▶ _WHAT YOU ARE ASKED TO DO_:
The entire listing below is to be written out exactly, minus the pictures.

▶ _PROVIDED DATA_:
● ● ● ● ●

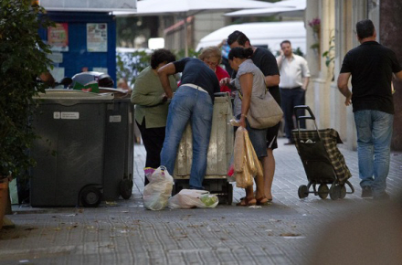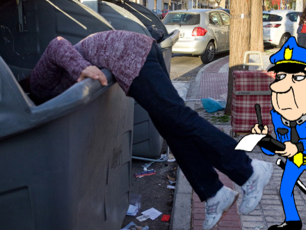 Scenariet af fattige, der leder efter mad, genbrug og andet i skraldespande og affaldscontainere, gik verden rundt sidste år. Det var amerikanske New York Times, det bragte billeder af sulte børn, immigranter og fattige spaniere, der står på hovedet i affaldsbunker for at finde et eller andet, der enten kan spises eller sælges videre for en lille fortjeneste.
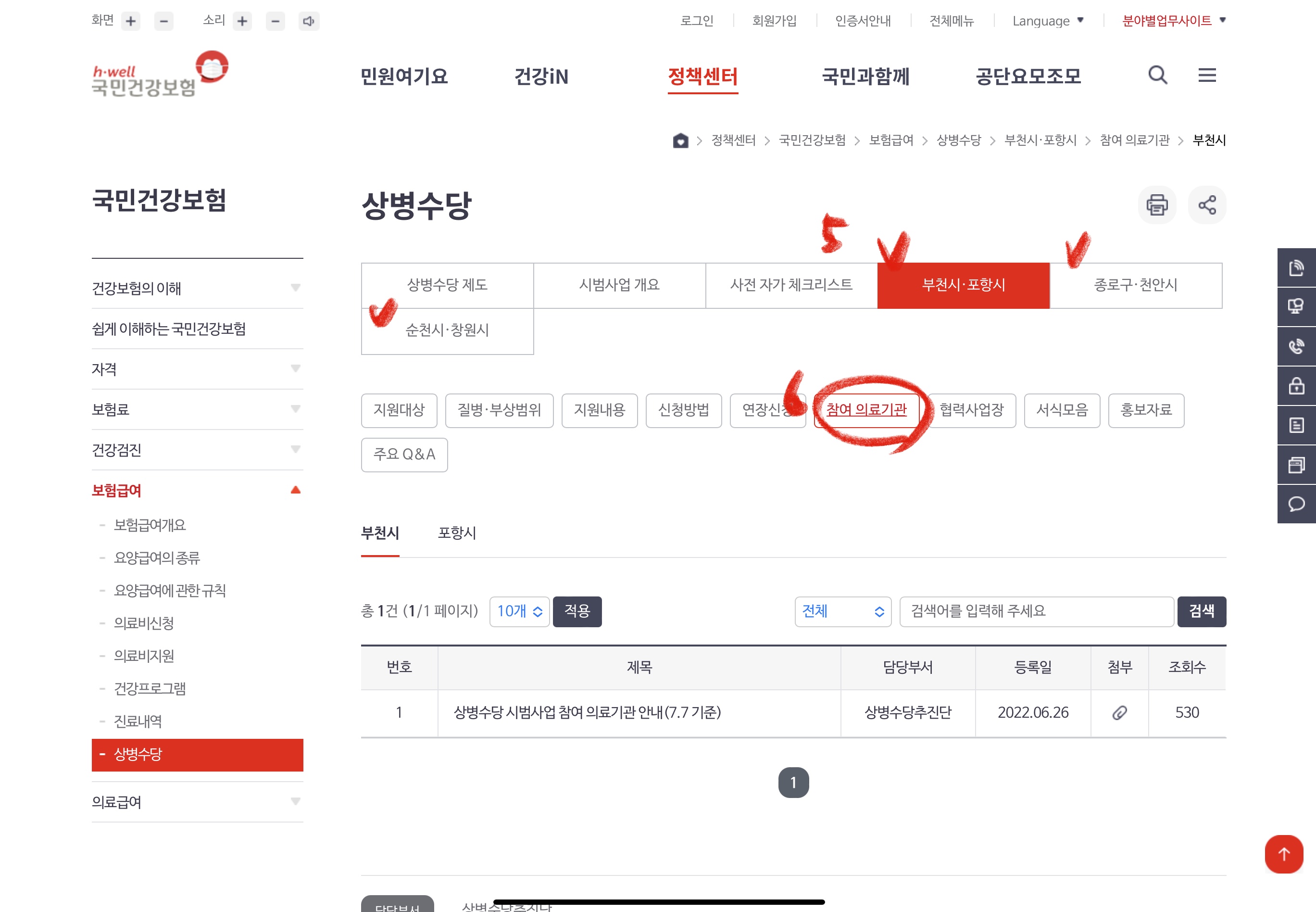 상병이 발생하면 시범 사업 지역 상병 수당 참여 의료기관에 방문해서 '사전 문답서'를 작성하고, '상병수당 심사용 진단서(15,000원)' 및 필요한 의무기록지를 발급받습니다. 상병수당 진단서 비용은 수급대상으로 확정되면 100% 환급받을 수 있으며, 연장 신청서는 50% 환급받을 수 있습니다. 진단서를 발급받을 수 있는 의료기관은 아래 그림의 순서대로 확인하시면 됩니다.
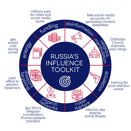 The 2025 campaign saw a further intensification of these influence efforts. A secret network, again coordinated via Telegram, offered to pay people for posting pro-Russia propaganda and anti-PAS disinformation on Facebook and TikTok, and to help carry out selective polling that would overstate pro-Russia support, potentially as part of a plan to dispute the results should they be close. A BBC investigation found links between this network, Shor and one of his organisations, Evrazia, with money sent via a Russian state-owned bank used by its defence ministry.
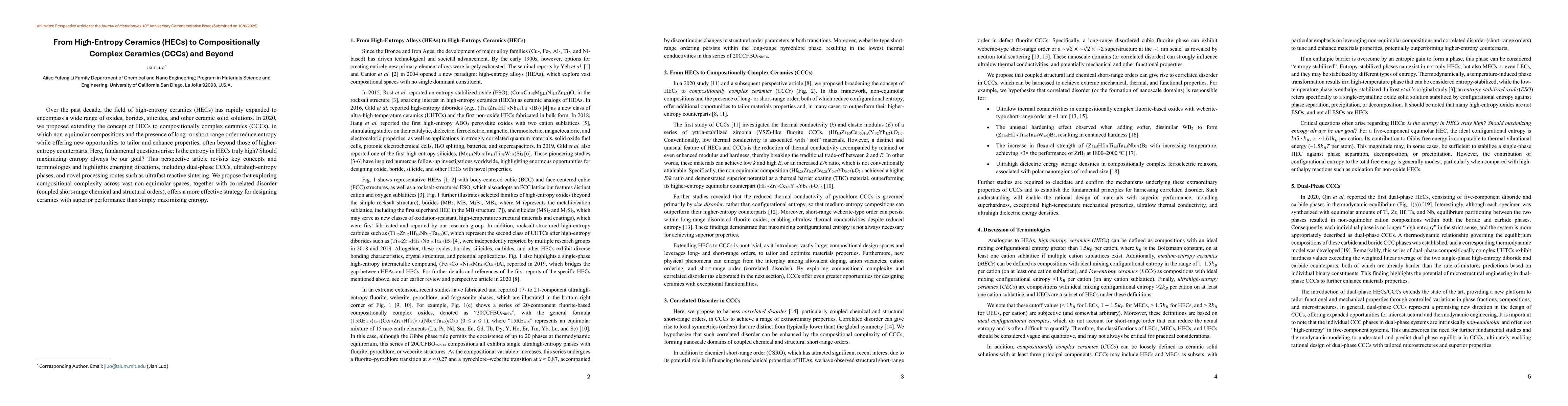 Over the past decade, the field of high-entropy ceramics (HECs) has rapidly expanded to encompass a wide range of oxides, borides, silicides, and other ceramic solid solutions. In 2020, we proposed extending the concept of HECs to compositionally complex ceramics (CCCs), in which non-equimolar compositions and the presence of long- or short-range order reduce entropy while offering new opportunities to tailor and enhance properties, often beyond those of higher-entropy counterparts. Here, fundamental questions arise: Is the entropy in HECs truly high? Should maximizing entropy always be our goal? This perspective article revisits key concepts and terminologies and highlights emerging directions, including dual-phase CCCs, ultrahigh-entropy phases, and novel processing routes such as ultrafast reactive sintering. We propose that exploring compositional complexity across vast non-equimolar spaces, together with correlated disorder (coupled short-range chemical and structural orders), offers a more effective strategy for designing ceramics with superior performance than simply maximizing entropy.
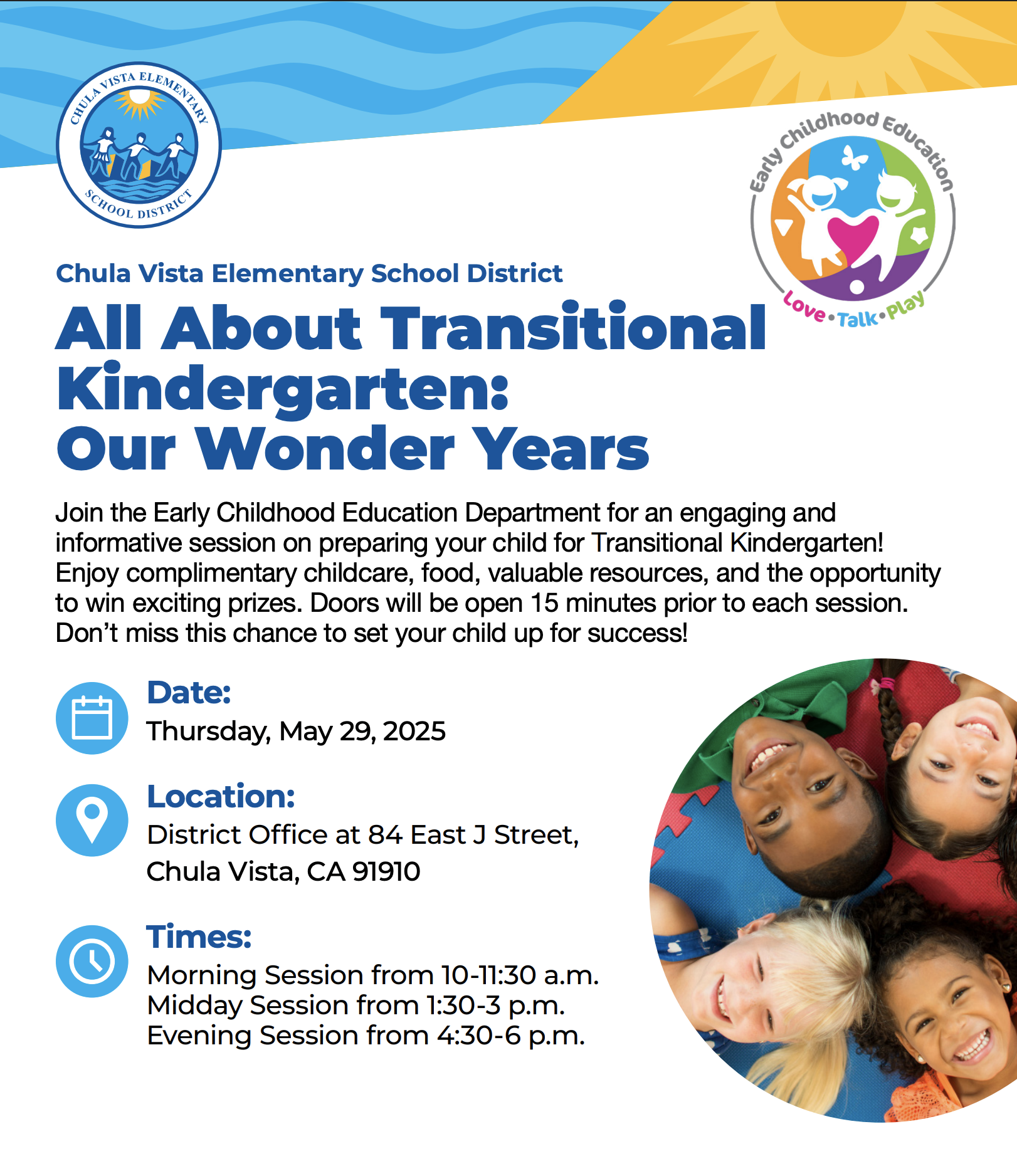 Open Enrollment for the 2025-26 school year will open on February 12, 2025, at 9 a.m. and Continuing Enrollment for the 2025-26 school year will open on May 27, 2025, at 9 a.m. Click here for the CVESD enrollment links.
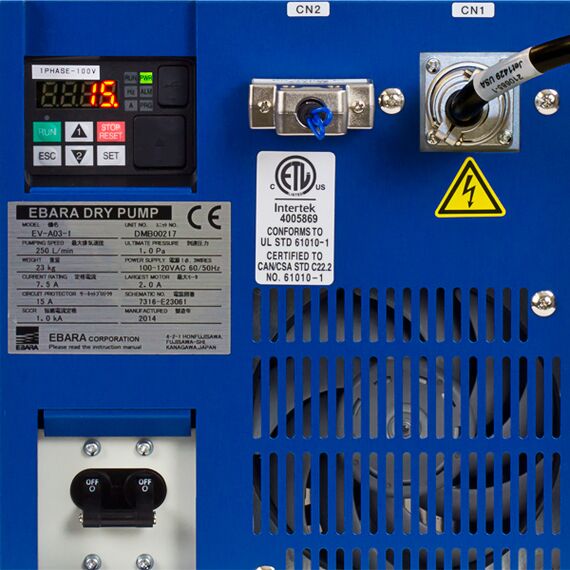 The Ebara EV-A dry rotary lobe vacuum pumps include an operation panel and LED display to adjust the pump conditions and control pump settings, such as, run frequency, current, run hours, and error monitoring. These pump motors include a Variable Frequency Drive (VFD) that starts the pump slowly from rest to full speed, reducing noise and vibration, while providing a low start up current. The pumps also include an I/O connector D-sub port which provides dry contactor functions like remote start and alarm status monitoring.
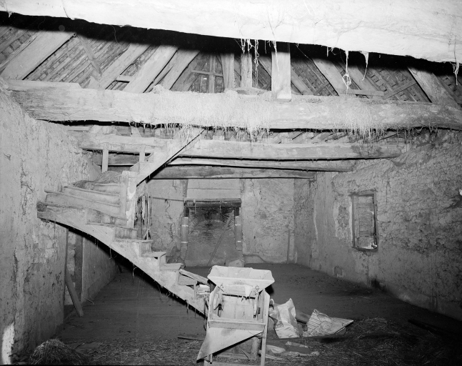 Charpente et cheminée de l'étage : vue générale.Immatriculation

● ● ● ● ●

▶ _ANSWER BOX_:
 Scenariet af fattige, der leder efter mad, genbrug og andet i skraldespande og affaldscontainere, gik verden rundt sidste år. Det var amerikanske New York Times, det bragte billeder af sulte børn, immigranter og fattige spaniere, der står på hovedet i affaldsbunker for at finde et eller andet, der enten kan spises eller sælges videre for en lille fortjeneste.
 상병이 발생하면 시범 사업 지역 상병 수당 참여 의료기관에 방문해서 '사전 문답서'를 작성하고, '상병수당 심사용 진단서(15,000원)' 및 필요한 의무기록지를 발급받습니다. 상병수당 진단서 비용은 수급대상으로 확정되면 100% 환급받을 수 있으며, 연장 신청서는 50% 환급받을 수 있습니다. 진단서를 발급받을 수 있는 의료기관은 아래 그림의 순서대로 확인하시면 됩니다.
 The 2025 campaign saw a further intensification of these influence efforts. A secret network, again coordinated via Telegram, offered to pay people for posting pro-Russia propaganda and anti-PAS disinformation on Facebook and TikTok, and to help carry out selective polling that would overstate pro-Russia support, potentially as part of a plan to dispute the results should they be close. A BBC investigation found links between this network, Shor and one of his organisations, Evrazia, with money sent via a Russian state-owned bank used by its defence ministry.
 Over the past decade, the field of high-entropy ceramics (HECs) has rapidly expanded to encompass a wide range of oxides, borides, silicides, and other ceramic solid solutions. In 2020, we proposed extending the concept of HECs to compositionally complex ceramics (CCCs), in which non-equimolar compositions and the presence of long- or short-range order reduce entropy while offering new opportunities to tailor and enhance properties, often beyond those of higher-entropy counterparts. Here, fundamental questions arise: Is the entropy in HECs truly high? Should maximizing entropy always be our goal? This perspective article revisits key concepts and terminologies and highlights emerging directions, including dual-phase CCCs, ultrahigh-entropy phases, and novel processing routes such as ultrafast reactive sintering. We propose that exploring compositional complexity across vast non-equimolar spaces, together with correlated disorder (coupled short-range chemical and structural orders), offers a more effective strategy for designing ceramics with superior performance than simply maximizing entropy.
 Open Enrollment for the 2025-26 school year will open on February 12, 2025, at 9 a.m. and Continuing Enrollment for the 2025-26 school year will open on May 27, 2025, at 9 a.m. Click here for the CVESD enrollment links.
 The Ebara EV-A dry rotary lobe vacuum pumps include an operation panel and LED display to adjust the pump conditions and control pump settings, such as, run frequency, current, run hours, and error monitoring. These pump motors include a Variable Frequency Drive (VFD) that starts the pump slowly from rest to full speed, reducing noise and vibration, while providing a low start up current. The pumps also include an I/O connector D-sub port which provides dry contactor functions like remote start and alarm status monitoring.
 Charpente et cheminée de l'étage : vue générale.Immatriculation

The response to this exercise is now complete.